Guysborough (population: 397) is an unincorporated Canadian community in Guysborough County, Nova Scotia.

Located on the western shore of Chedabucto Bay, fronting Guysborough Harbour, it is the administrative seat of the Guysborough municipal district. It is home to the Alder Grounds, Boggy Lake, Bonnett Lake Barrens, and Canso Coastal Barrens Wilderness Areas. The community is named after Sir Guy Carleton (Guy's borough).

History

The Mi'kmaq name for the village of Guysborough was Chedabuctou.

The Prince Henry Sinclair Society of North America believe he landed at Chedabucto Bay in 1398. The monument was erected on November 17, 1996. It is a fifteen-ton granite boulder with a black granite narrative plaque located at Halfway Cove on Trunk 16 in Guysborough County, Nova Scotia.

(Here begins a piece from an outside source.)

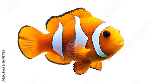 Naklejka premium A vibrant orange and white clownfish swims, isolated on a black background,...

The village of Guysborough was first settled by French Europeans in 1634, led by Isaac de Razilly, a French nobleman and Navy officer who later became Governor of French Acadia. He built a fort named Fort St François à Canso at the entrance to the harbour. In 1655 Nicolas Denys, governor of the new St Lawrence Bay Province, built Fort Chedabuctou on Fort Point to serve as his capital. The fort was later replaced and renamed Fort St Louis.

In 1682, a permanent settlement was started by Clerbaud Bergier. A group cleared land and spent the winter with the first crops being planted in 1683. Louis-Alexandre des Friches de Meneval landed at Chedabouctou in 1687 when arriving to take up his position as governor of Acadia.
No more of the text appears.